* _What to work on_:
Repeat exactly, and only, the lines below starting at the line that contains "CVST Swim Practice Statement" and ending at the line that contains "The kitchen boasts", inclusive of both.

### Supplied information ###

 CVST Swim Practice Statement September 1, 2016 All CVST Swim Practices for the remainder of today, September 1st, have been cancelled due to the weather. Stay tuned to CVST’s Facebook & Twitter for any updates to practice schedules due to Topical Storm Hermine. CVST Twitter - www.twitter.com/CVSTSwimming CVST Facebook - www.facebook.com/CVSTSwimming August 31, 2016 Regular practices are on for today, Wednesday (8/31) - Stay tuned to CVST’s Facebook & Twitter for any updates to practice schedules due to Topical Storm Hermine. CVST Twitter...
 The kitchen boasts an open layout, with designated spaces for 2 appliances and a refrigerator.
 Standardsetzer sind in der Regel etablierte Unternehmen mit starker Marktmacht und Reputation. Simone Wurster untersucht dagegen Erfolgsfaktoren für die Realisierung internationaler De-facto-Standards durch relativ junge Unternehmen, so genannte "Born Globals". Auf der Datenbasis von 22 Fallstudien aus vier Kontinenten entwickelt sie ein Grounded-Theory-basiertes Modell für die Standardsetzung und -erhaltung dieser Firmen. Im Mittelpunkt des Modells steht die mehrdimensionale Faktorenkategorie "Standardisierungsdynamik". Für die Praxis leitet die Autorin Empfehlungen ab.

###
### Supplied information ###

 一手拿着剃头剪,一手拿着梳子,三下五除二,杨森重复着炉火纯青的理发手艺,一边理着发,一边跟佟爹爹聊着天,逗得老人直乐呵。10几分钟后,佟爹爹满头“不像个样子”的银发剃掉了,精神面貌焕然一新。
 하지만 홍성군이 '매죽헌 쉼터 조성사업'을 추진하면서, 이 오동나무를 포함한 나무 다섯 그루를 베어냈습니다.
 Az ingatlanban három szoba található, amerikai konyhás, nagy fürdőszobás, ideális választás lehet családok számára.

###

* _Solution for this task_:
 CVST Swim Practice Statement September 1, 2016 All CVST Swim Practices for the remainder of today, September 1st, have been cancelled due to the weather. Stay tuned to CVST’s Facebook & Twitter for any updates to practice schedules due to Topical Storm Hermine. CVST Twitter - www.twitter.com/CVSTSwimming CVST Facebook - www.facebook.com/CVSTSwimming August 31, 2016 Regular practices are on for today, Wednesday (8/31) - Stay tuned to CVST’s Facebook & Twitter for any updates to practice schedules due to Topical Storm Hermine. CVST Twitter...
 The kitchen boasts an open layout, with designated spaces for 2 appliances and a refrigerator.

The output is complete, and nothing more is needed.